Comparing with other open-sourced results:

Toolkit	Dev	Test-Net	Test-Meeting	AIshell
Kaldi	9.07	12.83	24.72	5.41
Espnet	9.70	8.90	15.90	3.90
Wenet	8.88	9.70	15.59	4.61
Next-gen Kaldi	7.32	7.61	12.35	3.7

Comparing with our previous results (pruned_transducer_stateless5):

Model	Type	Greedy	Beam Search
Reworked Conformer	Non-streaming	8.22 & 9.03 & 14.54	8.17 & 9.04 & 14.44	--epoch 4
Zipformer	Non-streaming	7.83 & 8.86 &13.73	7.75 & 8.81 & 13.67	--epoch 4
Reworked Conformer	Streaming	8.78 & 10.12 & 16.16	8.53 & 9.95 & 15.81	--epoch 7; latency=320ms
Zipformer	Streaming	8.35 & 9.59 & 16.26	8.35 & 9.46 & 15.85	--epoch 7; latency=320ms

csukuangfj · 2023-06-23T12:49:47Z

Did you use CTC loss during training?

pkufool · 2023-06-23T12:50:25Z

Did you use CTC loss during training?

No

pkufool · 2023-06-23T12:53:50Z

@csukuangfj I made some changes to export.py and export-onnx.py (accepting tokens.txt rather than bpe.model), so that they can be shared among different reicpes, I think it is better to mantain only one copy of exporting code.
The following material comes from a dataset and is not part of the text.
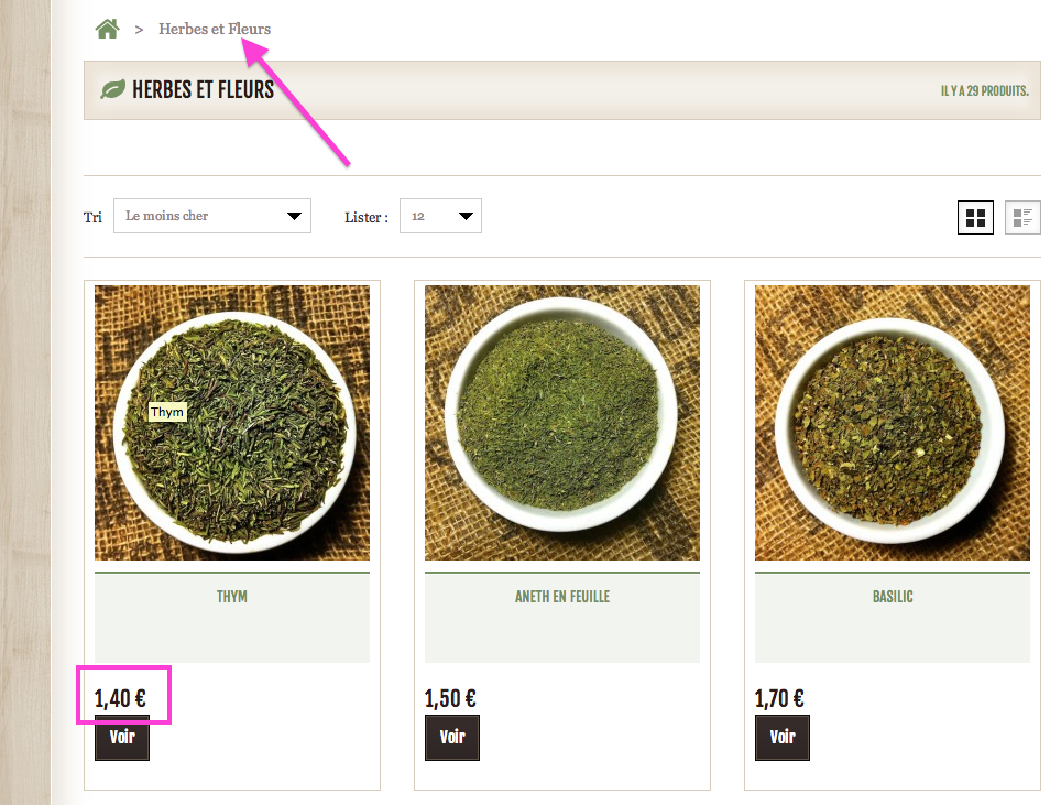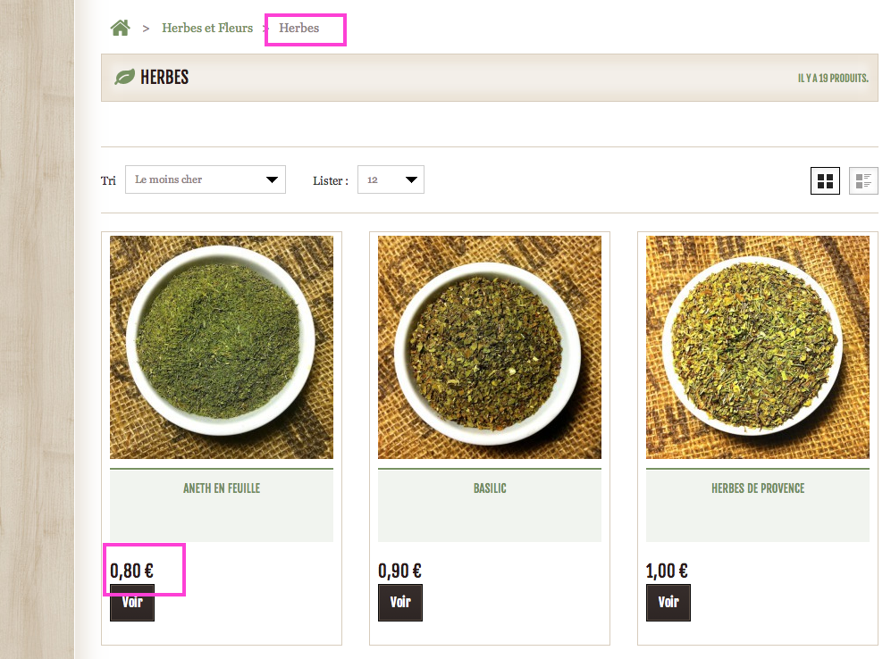 f4r4b3l Posted February 19, 2014 Share Posted February 19, 2014 Bonjour à tous, Voici ma configuration : Version de PrestaShop: 1.5.6.2 Version du logiciel serveur: Apache Version de PHP: 5.4.17-1~dotdeb.1 J'ai un produit qui comporte une déclinaison ayant un impact de prix. Mon produit est le thym. Il peut être vendu dans un sachet de 40g ou 80g. En 40g, il coûte 80cts, en 80g, il y a un impact de 60cts donc le prix final est de 1,40€ (il n'y pas de TVA donc le prix TTC = prix HT). Mon thym se trouve dans deux catégories : * Herbes & Fleurs * Herbes Sachant que la première catégorie est la mère de "Herbes". Sur la page de la catégorie Herbes, mon thym affiche bien le prix de 80cts mais dans la catégorie mère, j'ai le prix de 1,40€. Alors que la déclinaison par défaut est bien le 40g (donc 80cts). En pièce jointe, vous trouverez une capture d'écran pour chaque catégorie. Mon site est en maintenance. Cela ne me fait pas que pour le thym mais pour d'autres produits de manière aléatoire donc difficile de trouver un "fil conducteur" pour orienter mes recherches. J'ai essayé de changer de thème pour voir si le problème provenait des fichiers tpl du thème mais en prenant le thème par défaut de Prestashop, j'ai exactement la même chose. Quand je rajoute "debug" dans les fichiers tpl en smarty (certes, ce n'est pas la manière la plus propre pour debugguer mais j'en ai pris l'habitude), j'ai les informations product_attribute qui sont connues uniquement dans "Herbes" et non dans "Herbes & Fleurs". Je pense que c'est la raison pour laquelle ça m'affiche le bon prix dans "Herbes". Mais je ne comprends pas pourquoi ces informations ne sont pas reconnues dans "Herbes & Fleurs". J'ai mis aussi _PS_MODE_DEV_ en true dans config > defines.inc.php mais aucune erreur apparemment. Si vous avez une piste, je suis à votre écoute S'il manque d'autres informations, n'hésitez pas à me le dire. J'espère que mon problème est claire et dites-moi s'il vous faut d'autres explications. Je vous remercie d'avance. Link to comment Share on other sites More sharing options...

csukuangfj · 2023-06-23T12:55:31Z

I think it is better to mantain only one copy of exporting code.

Agreed. You can use symlinks to avoid additional copies.

pkufool · 2023-06-23T12:58:16Z

I think it is better to mantain only one copy of exporting code.

Agreed. You can use symlinks to avoid additional copies.

Then, you can have a look at the changes under librispeech/ASR/zipformer, see if it is OK，and do I miss some other code that need to be changed.

danpovey · 2023-06-24T23:46:28Z

hi, @pkufool, could you talk about why 'blank penalty' can improve the accuracy ?

We add blank penalty because we saw a lot of deletion errors in the decoded results, it might relate to the subsampling mechanism in zipformer, @danpovey may have more to say.

We don't really know why we had to compensate for deletion errors in this particular setup, because we haven't seen this effect in other zipformer examples or in other types of system on this data. If it recurs we may develop a better theory.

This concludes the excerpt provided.